13-17 October 2014
Das Wormser
Europe/Berlin timezone

Innovative technology for SiPM-like detectors

17 Oct 2014, 11:30
30m
Mozartsaal (Das Wormser)

Mozartsaal

Das Wormser

Das Wormser, Rathenaustraße 11, 67547 Worms, ‎ Tel: 06241/2000420

Speaker

Elena Popova (MEPhI)

Description

Invented in Russia at the end of last century SiPMs have been significantly improved during following years. From the very beginning a SiPM demonstrated an ability to detect visible light photons from a single one to thousands and more but now this is a detector with really high photon detection efficiency which is even higher then 60%. Main figures of merit for the SiPM-like detectors - SSPM, APD-G, MPPC, SPM- are photon detection efficiency (PDE), interpixel crosstalk (XT) and dark rate.

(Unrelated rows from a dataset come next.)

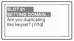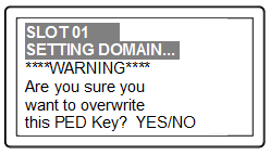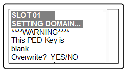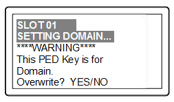 When you confirm that you do wish to overwrite whatever is (or is not) on the currently inserted key, with a Cloning Domain generated by the PED, the PED asks:
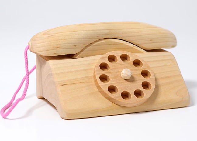 Hallo, hallo wie is daar? Een houten telefoon. kinderen vinden het geweldig om papa en mama na te doen.
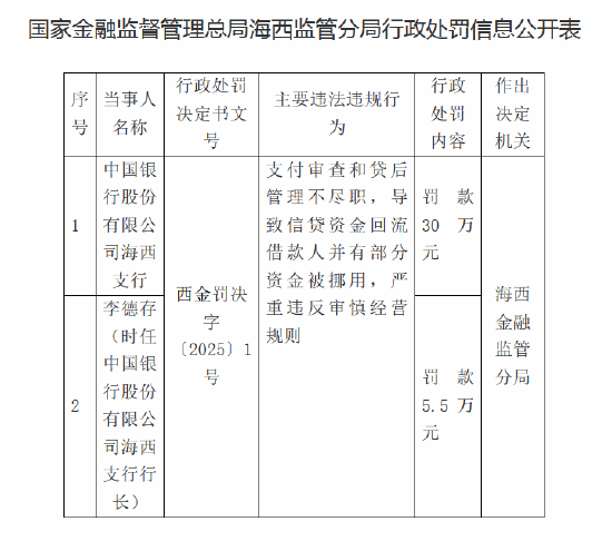 中国银行海西支行被罚30万元:因支付审查和贷后管理不尽职
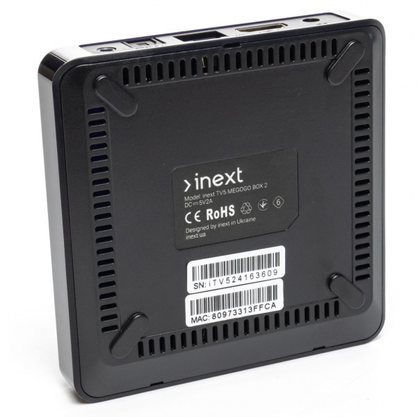 Inext TV5 MEGOGO BOX 2 – нова версія медіаплеєру, з багатим функціоналом, збільшеним об'ємом пам'яті, зручним керуванням та широкими можливостями підключення в невеликому корпусі. Його основне завдання – якісне відтворення вашого улюбленого контенту: відео, фото та аудіо файлів у форматі 4K UHD. При включенні приставки спрацьовує автозапуск сервісу MEGOGO та відразу ж можна почати вибір контенту, який вас цікавить. Якщо ж потрібно зайти в YouTube, браузер або іншу програму, Ви можете вийти з програми MEGOGO в головне меню приставки. Пристрій оснащений новим потужним чипсетом Allwinner H313 та дводіапазонним модулем WiFi 2.4/5 GHz, а також, операційною системою Android10.

It should be noted that for significant number of applications it is not enough to have just a high PDE. It is quite important to have at the same time XT as low as possible. Crosstalk suppression is a hot technological problem for SiPM detectors now. SiPM’s dark rate was considerably improved during last years of detector developments. Several years ago the average value for dark rate was at the level of 1MHz/mm2 and now advanced producers show values below 100 kHz/mm2. It looks like such trend will continue further. SiPMs started as matrixes of a p-n-junctions connected together on a common substrate and now such detectors have a name “analog” SiPM. It means that during last years a digital SiPM family have appeared where each photosensitive p-n-junction equipped by active electronic components. Such dSiPMs have an ability to access an each micropixel and in case of bad noise behavior to mask them out. In comparison to analog SiPM this kind of detectors is less sensitive to external conditions (voltage, temperature), do not require external electronics but PDE is lower and readout is slower. However, the position sensitivity of such detector is an attractive feature of a dSiPM and timing properties for large area detectors look better then for traditional analog SiPM approach.